2.  Shall we prescribe the architecture of a pluggable locale adapter for
Web service containers? The adapters for specific platforms can perform all
the necessary conversions. The conversion will not be architected; at best
we may provide some non-prescriptive conversion suggestions.

Thanks,

Deb


                                                                                                                                                    
                      "Addison Phillips                                                                                                             
                      [wM]"                    To:       "Martin Duerst" <duerst@w3.org>, <public-i18n-ws@w3.org>                                   
                      <aphillips@webmet        cc:       Debasish Banerjee/Rochester/IBM@IBMUS                                                      
                      hods.com>                Subject:  RE: [WSTF] My view... [long]                                                               
                                                                                                                                                    
                      01/15/2003 07:58                                                                                                              
                      PM                                                                                                                            
                                                                                                                                                    
                                                                                                                                                    




Hi Martin,

Thanks for the comments. A few notes below, which probably need more
thought.

Addison

> -----Original Message-----
> From: public-i18n-ws-request@w3.org
> [mailto:public-i18n-ws-request@w3.org]On Behalf Of Martin Duerst
> Sent: Wednesday, January 15, 2003 2:33 PM
> To: Addison Phillips [wM]; public-i18n-ws@w3.org
> Cc: debasish@us.ibm.com
> Subject: Re: [WSTF] My view... [long]
>
> >
> >I consider "locale" to be an environment setting or settings that govern
> >how data is (to be) processed.
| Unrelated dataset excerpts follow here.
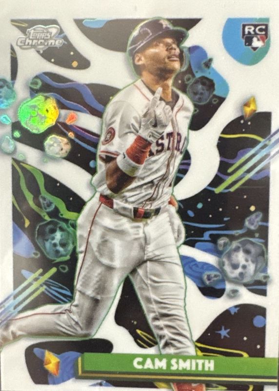 This card is 1 of 13 Cam Smith's card variations in the 2025 Topps Chrome Cosmic set being tracked by Sports Card Investor, including Base, Nucleus Refractor, Refractor, Aqua Equinox Refractor /199, and Purple Nebula Refractor /150.
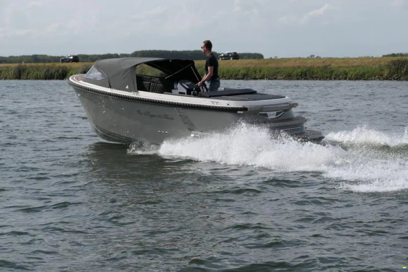 Onze prijzen zijn wél all in dus met HPL/foam teak op de vloer en het zwemplateau en de zwemplateau treden, 30 pk motor (of elektrische 2,7 kW met 4kWh accu) met luxe inbouw afstandsbediening, kabelaring, buiskap met kuipzeil, gewatteerde kussenset met bunkussen, zwemtrap, automatische bilgepomp, fenderhaken dus echt vaarklaar!
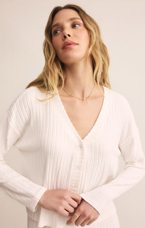 This Mara Rib Cardigan features a V-neck and button-front design with long sleeves for versatile layering. Crafted from a silky rib fabric blend of 97% polyester and 3% spandex, it offers a lightweight yet luxuriously soft texture enhanced by a heavy soft wash. With a regular fit and a 20" length from shoulder, it provides comfortable wear and a flattering silhouette ideal for both casual and polished looks.
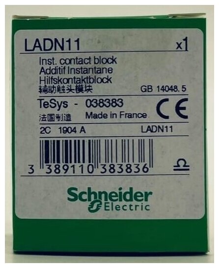 LADN11 ДОП. КОНТ. БЛОК НО+НЗ ФРОНТАЛЬНЫЙ МОНТАЖ КРЕПЛЕНИЕ С ПОМОЩЬЮ ВИНТОВЫХ ЗАЖИМОВ Schneider Electric
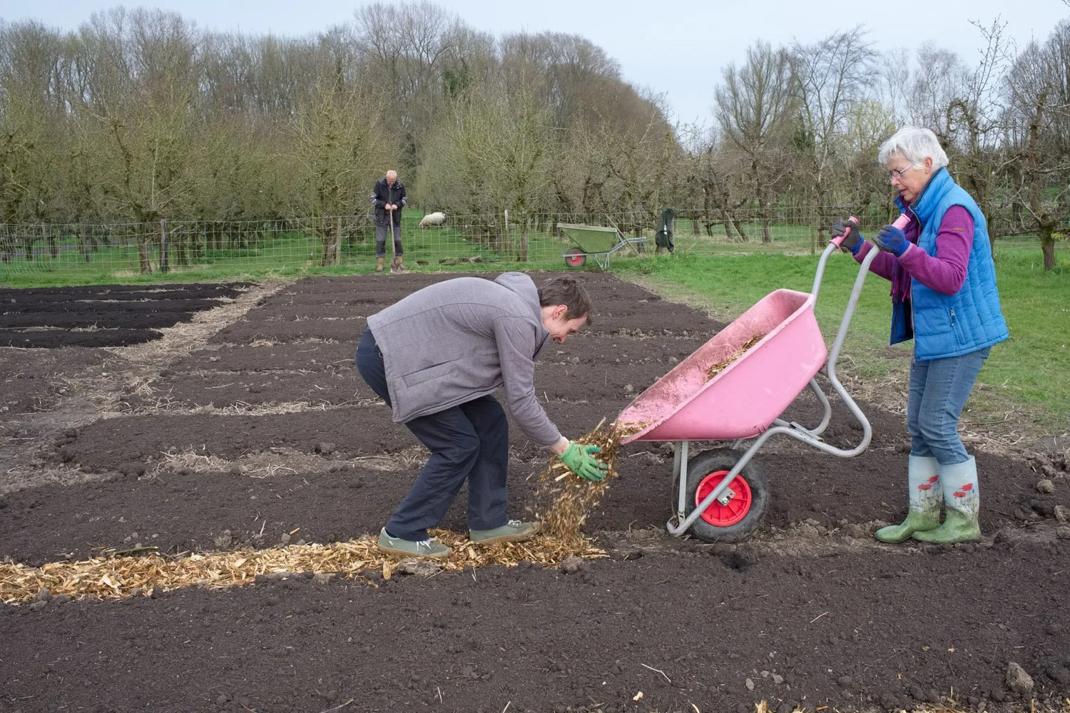 Volunteers Wouter and Jannie make paths with wood chips between new potato beds covered with a fresh layer of compost. In the background, Maarten straightens the grass edges of the new beds. March 2024
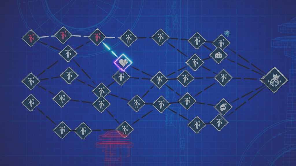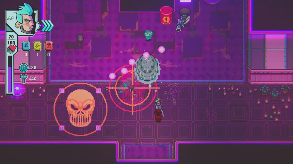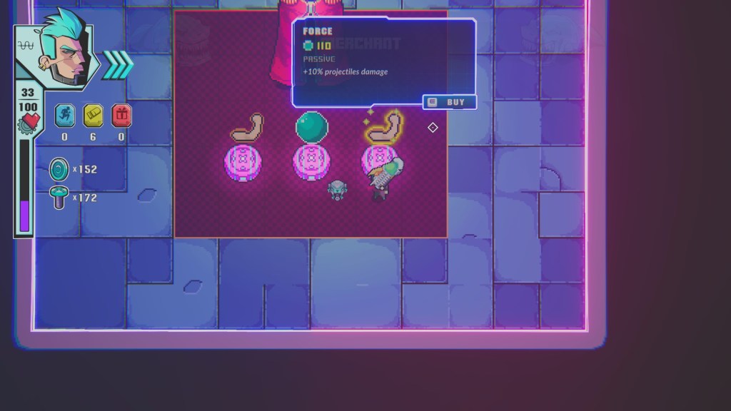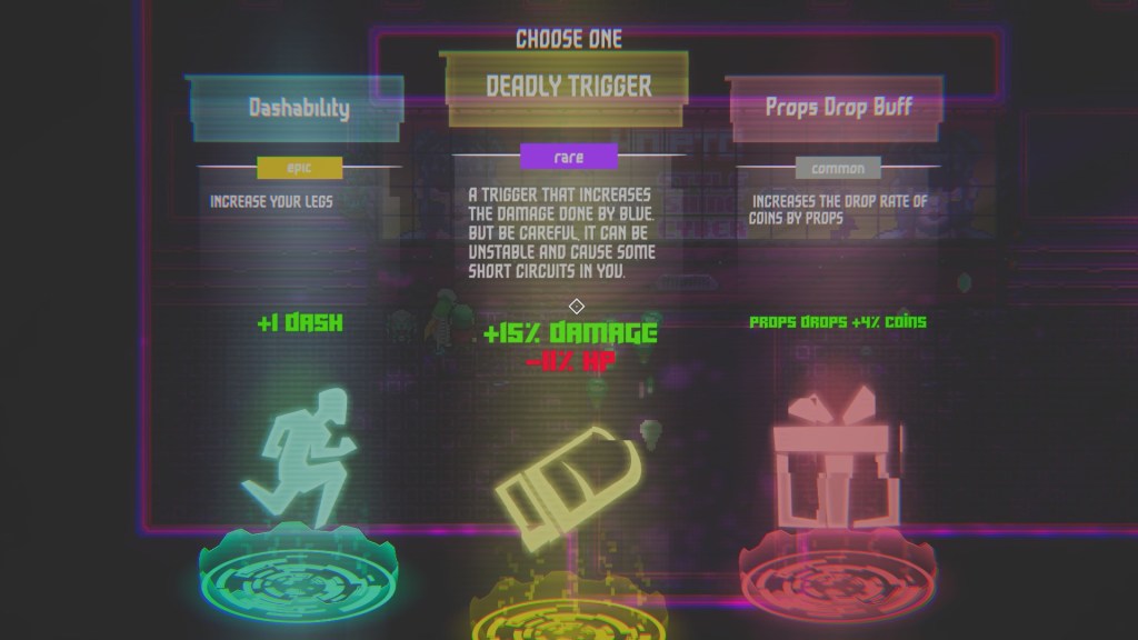 Cyberwar has everything that all rouge likes have, nothing really deviates from the norm here. You enter an arena with some bad guys, shoot em dead, collect one of the three offered perks, and move on until the boss shows up, rinse and repeat.
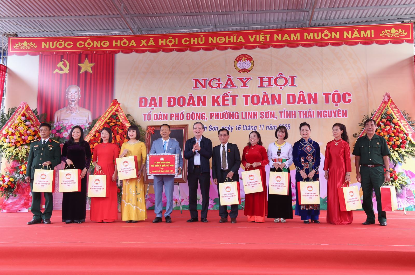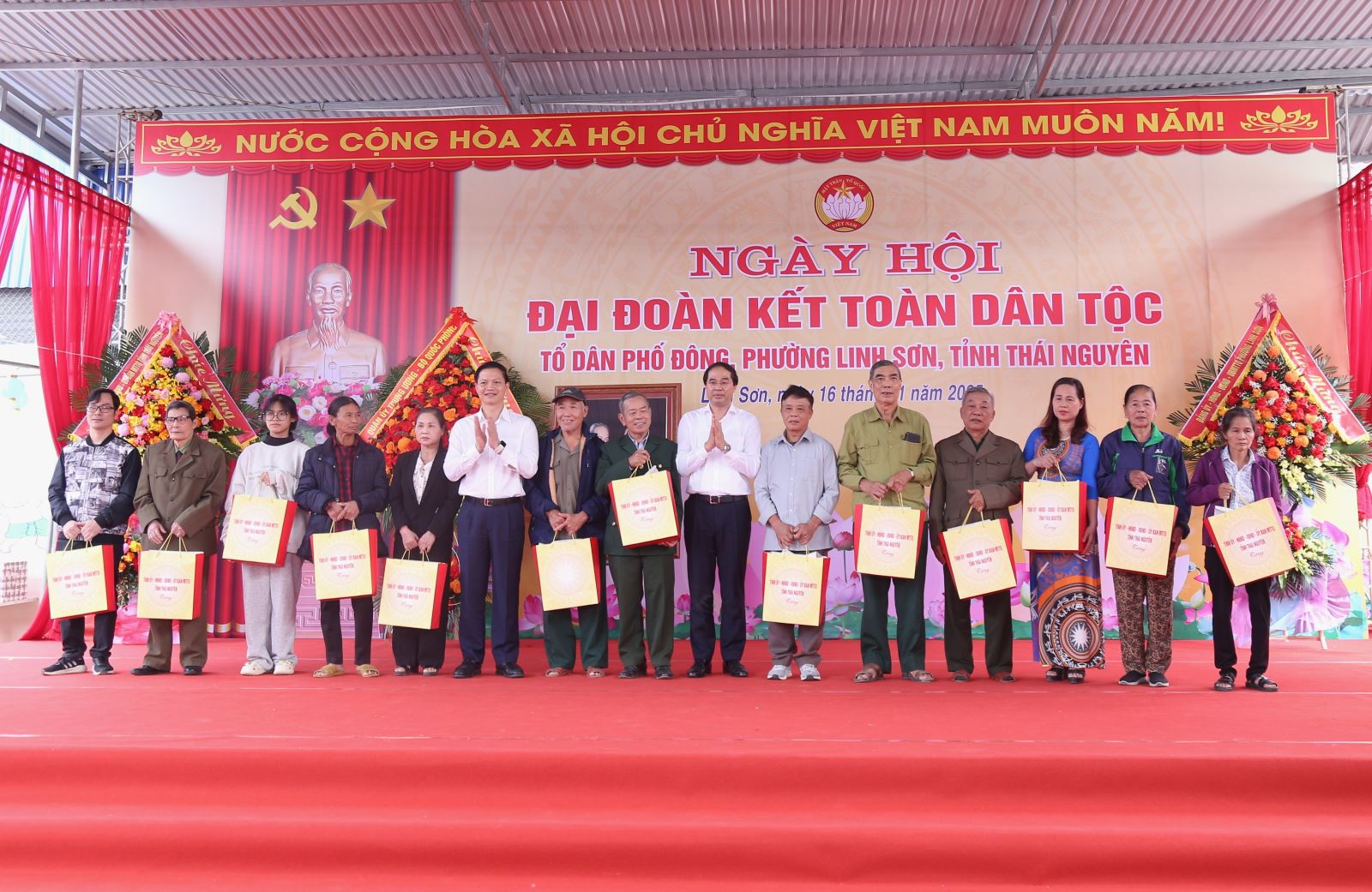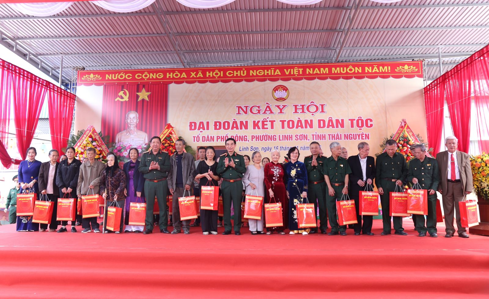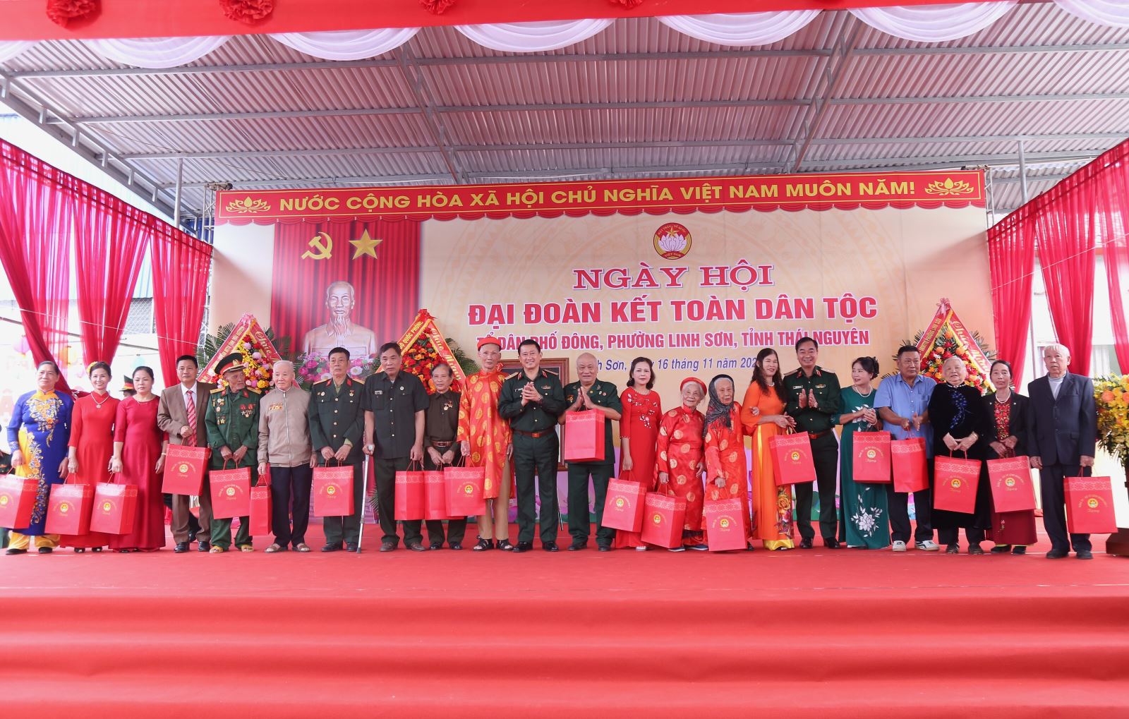 Trong không khí vui tươi, phấn khởi của ngày hội, Đại tướng Phan Văn Giang và các đồng chí lãnh đạo Bộ Tổng Tham mưu QĐND Việt Nam, Tổng cục Chính trị QĐND Việt Nam đã trao quà tặng tổ dân phố Đông, tổ dân phố Mỏ Đá và phường Linh Sơn (tỉnh Thái Nguyên); trao 200 suất quà tặng các gia đình chính sách, gia đình hộ nghèo, cận nghèo, có hoàn cảnh khó khăn, gia đình bị ngập ảnh hưởng do bão lũ trên địa bàn. Ủy ban Trung ương MTTQ Việt Nam, tặng quà tập thể tổ dân phố Đông và 10 gia đình tiêu biểu trong khu dân cư. Bộ tư lệnh Quân khu 1, Bộ tư lệnh 86, tỉnh Thái Nguyên trao quà tặng các tập thể, hộ gia đình, cá nhân thuộc 2 tổ dân phố (trong đó Bộ tư lệnh Quân khu 1 tặng 23 suất quà tặng các gia đình thuộc tổ dân phố Đông và 77 suất quà tặng các gia đình thuộc tổ dân phố Mỏ Đá).
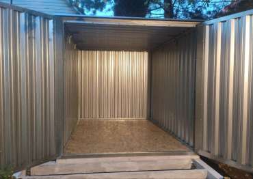 Нами была изготовлена стандартная 3-метровая конструкция с плоской крышей и торцевой воротной группой в блестящем цинковом цвете.
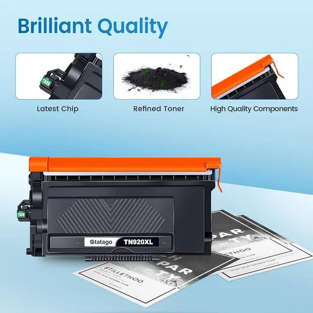 Advantage: Statago high-yield TN 920xl toner cartridges for Brother printer deliver superior image and text quality, adhering to stringent quality standards. Our products are ISO9001 certified for excellence and ISO14001 certified for environmental sustainability.

Language preference may either be
> an aspect
> >of "locale" or may be a separate environment setting.
>
> And 'locale' also has several different aspects. That lets me
> generally favor a hierarchy of
>
>    i18n context
>       - language
>       - date format
>       - number format
>       - sort order
>       - ...
>
> rather than
>
>    language
>    locale
>      - date format
>      - number format
>      - sort order
>      - ...
>

Yes, exactly so. But I have some concerns with "dissolving" locales into
"i18n context" soup, as it were. The foremost is that most operating
environments (the language the actual service is written in, as opposed to
the container) want a native locale object to enable those various
settings.
So those items are "subsettings" of a locale object, and not necessarily a
full-fledged item themselves.

I would put language as a sub-item of locale, but for the fact that there
are existing systems that deal with language. The question is whether to
coexist, thus:

  i18n context
    - language
    - locale
        -language
        -region etc.

Or even:

  language
  i18n-context
     - locale
        - numberfmt, etc.

>
> >In traditional software, the developer doesn't need to
> explicitly obtain a
> >Locale object or setting in order to write internationalized code. The
> >default behavior of locale-aware functions obtain and use the
> locale from
> >the system environment. Yes, the developer must call the correct
> functions
> >or methods, but s/he must only obtain a locale when the desire is to
> >override the user's preference (the default).
>
> I guess one important point may be that developers should not have to
> care about language/locale issues when these are marginal (e.g. language
> of error messages), but that there may be an advantage to force them
> to have to think about such issues explicitly if they are central
> to the application (e.g. currency conversions in some cases).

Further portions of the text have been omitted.